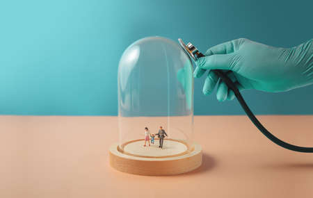 Health Care or Insurance during Coronavirus Concept. Hand of Doctor with Medical Glove Using a Medical Stethoscope to Check a Glass Dome. Miniature Figure of Family walking inside
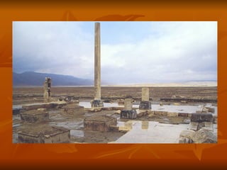 El Imperio Persa se formó en el actual Irán a través de la fusión de los medos y los persas. Fue gobernado por dinastías como los aqueménidas, destacando Ciro el Grande, Darío I y Jerjes I. Desarrollaron una arquitectura monumental en Persépolis y Susa, con palacios, columnas y relieves, así como tumbas rupestres. Su sociedad estaba estratificada con el rey a la cabeza y diferentes grupos como nobles, campesinos y esclavos.
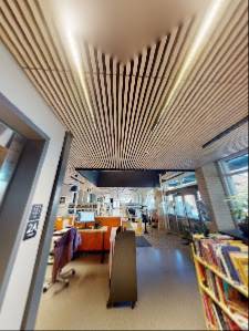 Biblioteket har en moderne og hyggelig atmosfære og er tilgjengelig for alle.
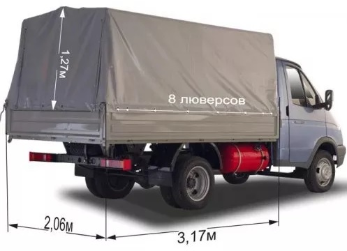 Краткое описание «Тент автомобильный на ГАЗ 3302 (ГАЗель) нового образца односторонняя»
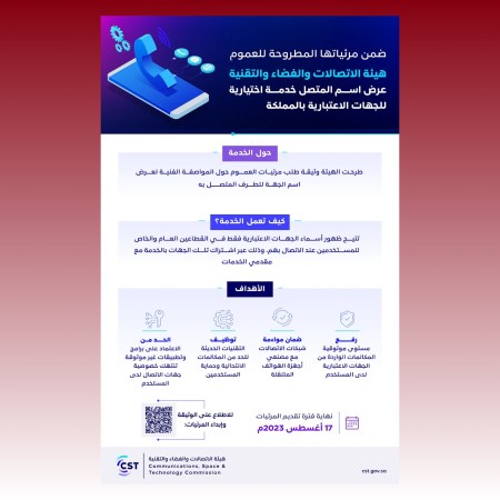 أعلنت هيئة الاتصالات والفضاء والتقنية عن طرحها لوثيقة طلب مرئيات العموم حيال المواصفة الفنية لعرض اسم الجهة للطرف المتصل به، والمتضمنة للمعايير الفنية التي يجب اتباعها في شبكات الاتصالات وأجهزة الهواتف المتنقلة لدعم وتفعيل الخدمة، حيث ستتيح الخدمة ظهور أسماء الجهات الاعتبارية فقط للمستخدمين سواء كانت حكومية أو خاصة عند الاتصال بهم، وذلك عبر اشتراك تلك الجهات بالخدمة مع مقدمي الخدمات.
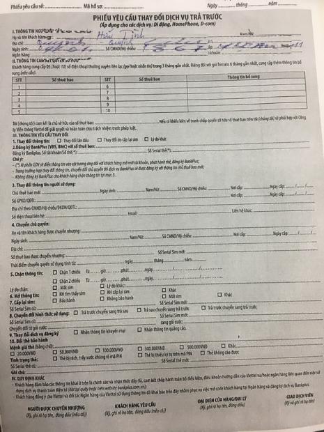 Đầu tiên mình vào trình bày với nhân viên là đi đổi SIM 4G, sau đó được nhân viên đại lý đưa cho một tờ kê khai thông tin, tờ khai này giống y chang như những tờ khai khi muốn làm lại SIM vậy. Trong tờ khai bạn sẽ điền đầy đủ thông tin, số CMND, các số điện thoại bạn đã gọi gần đây (không biết cái này cần thiết không nhưng mình vẫn điền cho đủ).
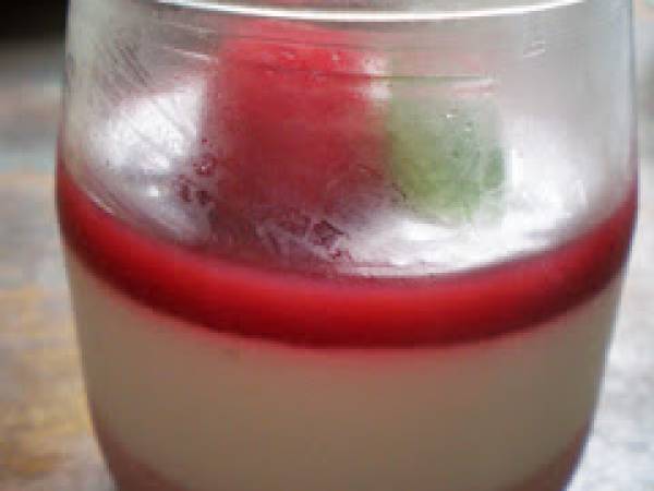 Une fois que la panna cotta a bien "pris" au frigo, ajouter délicatement un peu de coulis aux framboises sur le dessus.
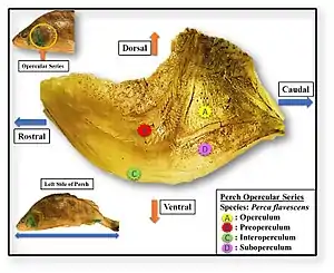 Opercular series in bony fish: operculum (yellow), preoperculum (red), interoperculum (green) and suboperculum (pink)
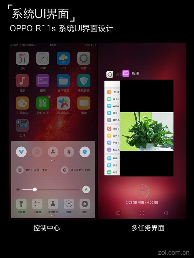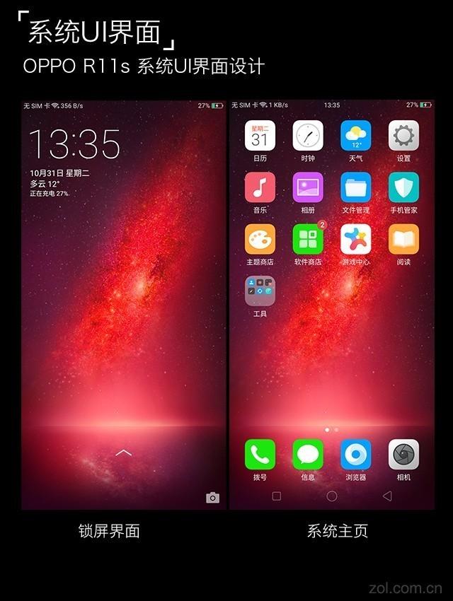 OPPO R11s采用了基于Android 7.1.1的ColorOS 3.2,自从ColorOS 3开始OPPO的UI风格就变成了这种以效率为重的简明轻快风;系统图标的色彩重绘,UI的页面字体也在大小、颜色上面的经过了精心调试,以求用更佳的对比度呈现信息。
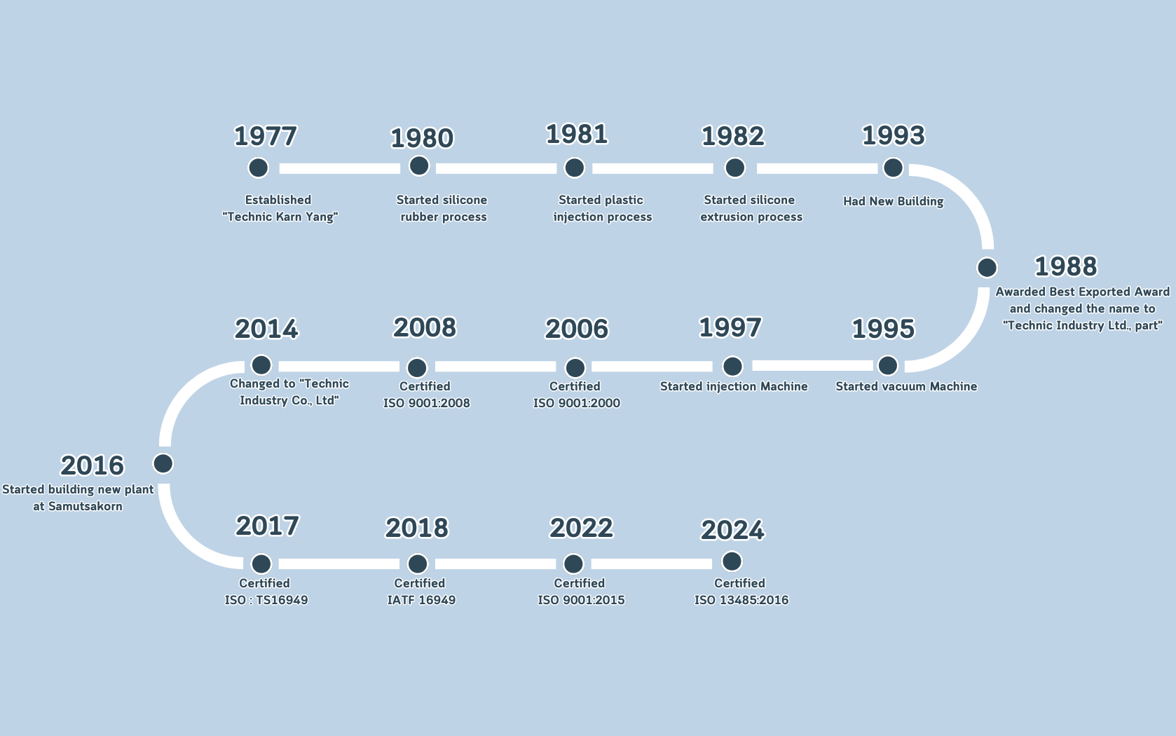 Technic Industry Company Limited was established in year 1977 by Mr. Arunchai Wisetwongsahakit which is currently the Chairman of the Board of Directors. With the chairman's intention who committed to the honesty towards our customer as well as the policy (Customer Policy) of following Customer's Satisfaction through the past 45 years, Technic Industry Co., Ltd. have upgrading our production standards and developing our management systems in order to meet customer requirement. Our production process have starting from Rubber Molding Part, which is one of a component in thermos and then the plastic injection production process in order to gives customers more convenience. Later then, we have added extrusion process for serving materials such as silicone rubber and plastic. Currently, Technic Industry Company Limited have 4 main production processes which are Rubber Molding Line, Injection Plastic Line, Plastic Extrusion, Silicone Extrusion
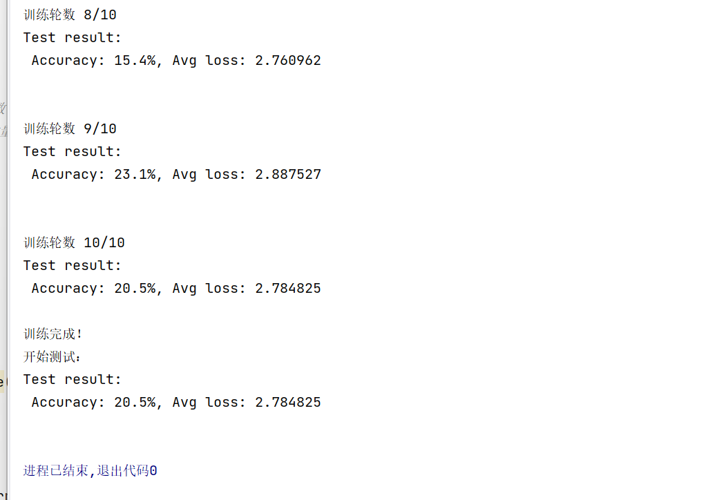 准确率还是很低哈,我们今天主要保证代码能跑通。先跑通代码,再调优。
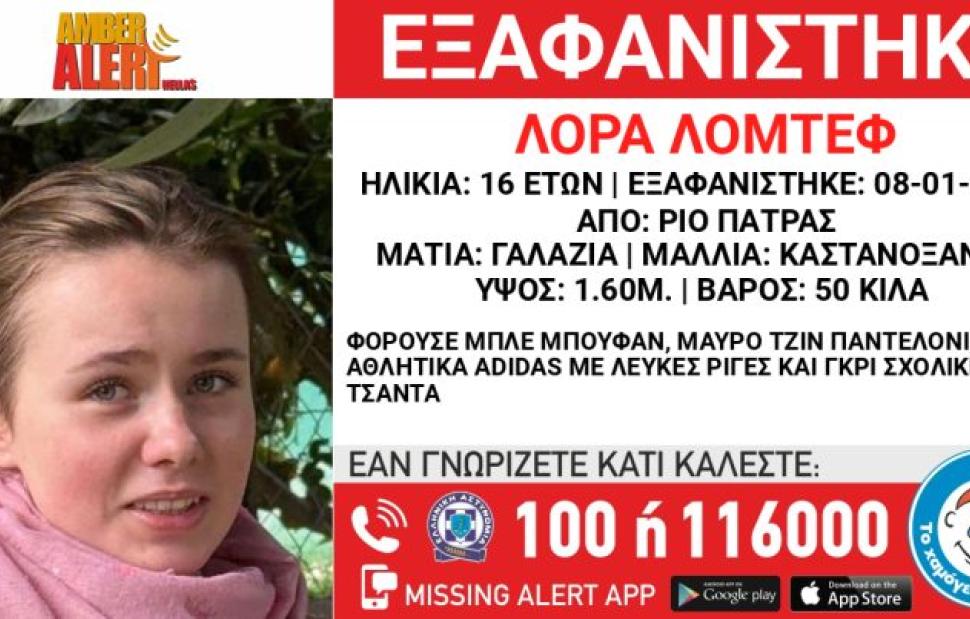 Συναγερμός έχει σημάνει στις Αρχές για την εξαφάνιση της 16χρονης Λόρας Λ. στο Ρίο Πατρών, με την υπόθεση να λαμβάνει πλέον διαστάσεις θρίλερ. Η ανήλικη αγνοείται από τις πρωινές ώρες της Πέμπτης, όταν έφυγε από το σπίτι της με προορισμό το σχολείο και δεν επέστρεψε ποτέ.
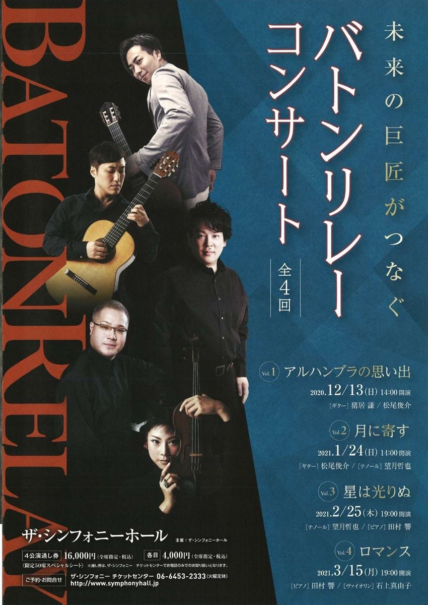 未来の巨匠がつなぐ バトンリレーコンサート Vol.2「月に寄す」 21/1/24(日) ザ・シンフォニーホール シェア ツイート シューベルト(松尾俊介編):月に寄す D 193/シューベルト(ラゴスニック編):羊飼いの嘆きの歌 D 121/シューベルト(ラゴスニック編):野ばら D 257/シューベルト(ディアベッリ編):魔王 D 328/シューベルト(松尾俊介編):白鳥の歌(全曲) D 957 公演情報 ジャンル 声楽 料金 全席指定-4,000円 キャスト&スタッフ ギター 松尾俊介 テノール 望月哲也 お問い合わせ ザ・シンフォニー チケットセンター 公式サイト シェア ツイート
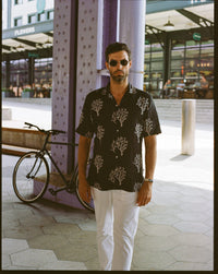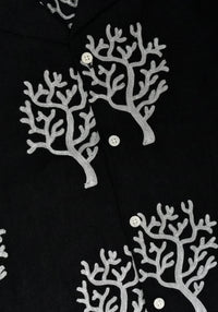Camisa Cubana Lino Bordado Corales Negro - Gris
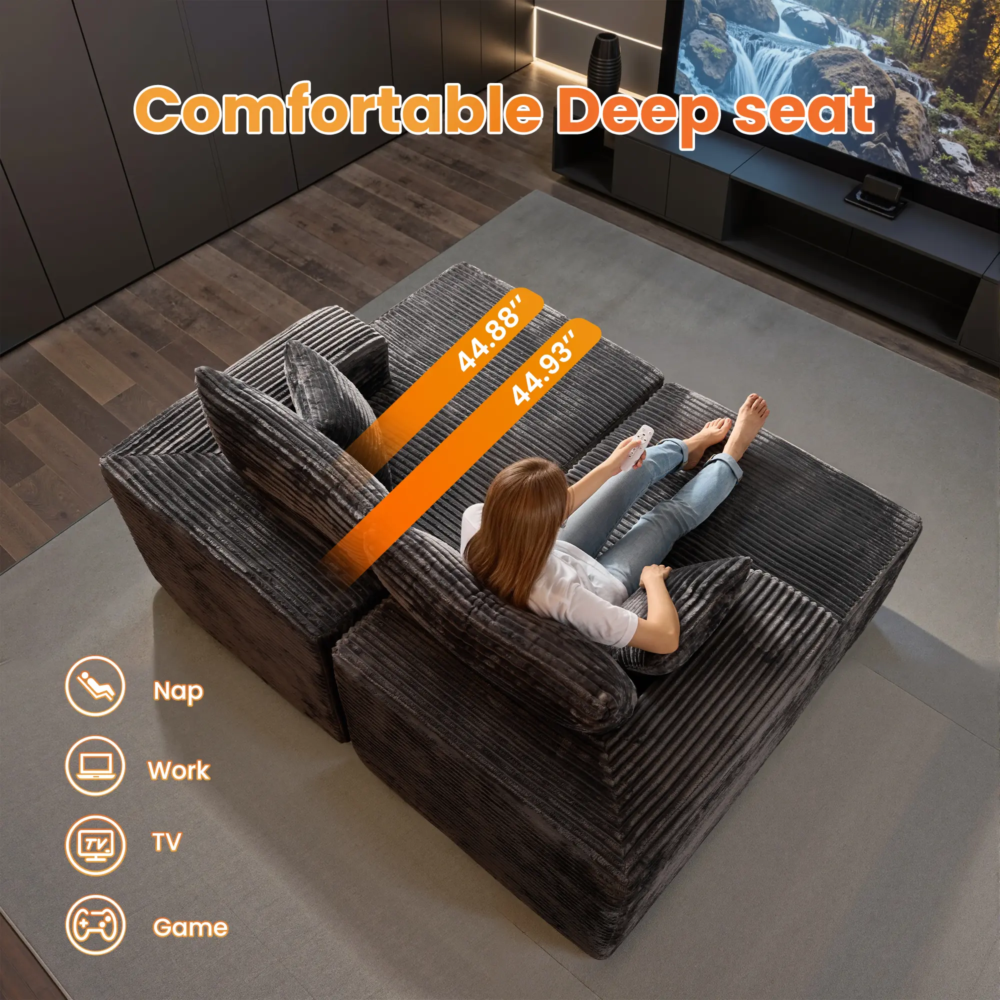 Enjoy the softness of our corduroy fabric. Its unique texture and soft sheen provide constant comfort and a touch of luxury, making it perfect for any season.

## [WHAT YOU ARE ASKED TO DO]
Leave out the pictures and give the rest of the material again, unaltered.

## [ANSWER TO THIS EXERCISE]
 Health Care or Insurance during Coronavirus Concept. Hand of Doctor with Medical Glove Using a Medical Stethoscope to Check a Glass Dome. Miniature Figure of Family walking inside
 El Imperio Persa se formó en el actual Irán a través de la fusión de los medos y los persas. Fue gobernado por dinastías como los aqueménidas, destacando Ciro el Grande, Darío I y Jerjes I. Desarrollaron una arquitectura monumental en Persépolis y Susa, con palacios, columnas y relieves, así como tumbas rupestres. Su sociedad estaba estratificada con el rey a la cabeza y diferentes grupos como nobles, campesinos y esclavos.
 Biblioteket har en moderne og hyggelig atmosfære og er tilgjengelig for alle.
 Краткое описание «Тент автомобильный на ГАЗ 3302 (ГАЗель) нового образца односторонняя»
 أعلنت هيئة الاتصالات والفضاء والتقنية عن طرحها لوثيقة طلب مرئيات العموم حيال المواصفة الفنية لعرض اسم الجهة للطرف المتصل به، والمتضمنة للمعايير الفنية التي يجب اتباعها في شبكات الاتصالات وأجهزة الهواتف المتنقلة لدعم وتفعيل الخدمة، حيث ستتيح الخدمة ظهور أسماء الجهات الاعتبارية فقط للمستخدمين سواء كانت حكومية أو خاصة عند الاتصال بهم، وذلك عبر اشتراك تلك الجهات بالخدمة مع مقدمي الخدمات.
 Đầu tiên mình vào trình bày với nhân viên là đi đổi SIM 4G, sau đó được nhân viên đại lý đưa cho một tờ kê khai thông tin, tờ khai này giống y chang như những tờ khai khi muốn làm lại SIM vậy. Trong tờ khai bạn sẽ điền đầy đủ thông tin, số CMND, các số điện thoại bạn đã gọi gần đây (không biết cái này cần thiết không nhưng mình vẫn điền cho đủ).
 Une fois que la panna cotta a bien "pris" au frigo, ajouter délicatement un peu de coulis aux framboises sur le dessus.
 Opercular series in bony fish: operculum (yellow), preoperculum (red), interoperculum (green) and suboperculum (pink)
 OPPO R11s采用了基于Android 7.1.1的ColorOS 3.2,自从ColorOS 3开始OPPO的UI风格就变成了这种以效率为重的简明轻快风;系统图标的色彩重绘,UI的页面字体也在大小、颜色上面的经过了精心调试,以求用更佳的对比度呈现信息。
 Technic Industry Company Limited was established in year 1977 by Mr. Arunchai Wisetwongsahakit which is currently the Chairman of the Board of Directors. With the chairman's intention who committed to the honesty towards our customer as well as the policy (Customer Policy) of following Customer's Satisfaction through the past 45 years, Technic Industry Co., Ltd. have upgrading our production standards and developing our management systems in order to meet customer requirement. Our production process have starting from Rubber Molding Part, which is one of a component in thermos and then the plastic injection production process in order to gives customers more convenience. Later then, we have added extrusion process for serving materials such as silicone rubber and plastic. Currently, Technic Industry Company Limited have 4 main production processes which are Rubber Molding Line, Injection Plastic Line, Plastic Extrusion, Silicone Extrusion
 准确率还是很低哈,我们今天主要保证代码能跑通。先跑通代码,再调优。
 Συναγερμός έχει σημάνει στις Αρχές για την εξαφάνιση της 16χρονης Λόρας Λ. στο Ρίο Πατρών, με την υπόθεση να λαμβάνει πλέον διαστάσεις θρίλερ. Η ανήλικη αγνοείται από τις πρωινές ώρες της Πέμπτης, όταν έφυγε από το σπίτι της με προορισμό το σχολείο και δεν επέστρεψε ποτέ.
 未来の巨匠がつなぐ バトンリレーコンサート Vol.2「月に寄す」 21/1/24(日) ザ・シンフォニーホール シェア ツイート シューベルト(松尾俊介編):月に寄す D 193/シューベルト(ラゴスニック編):羊飼いの嘆きの歌 D 121/シューベルト(ラゴスニック編):野ばら D 257/シューベルト(ディアベッリ編):魔王 D 328/シューベルト(松尾俊介編):白鳥の歌(全曲) D 957 公演情報 ジャンル 声楽 料金 全席指定-4,000円 キャスト&スタッフ ギター 松尾俊介 テノール 望月哲也 お問い合わせ ザ・シンフォニー チケットセンター 公式サイト シェア ツイート
Camisa Cubana Lino Bordado Corales Negro - Gris
 Enjoy the softness of our corduroy fabric. Its unique texture and soft sheen provide constant comfort and a touch of luxury, making it perfect for any season.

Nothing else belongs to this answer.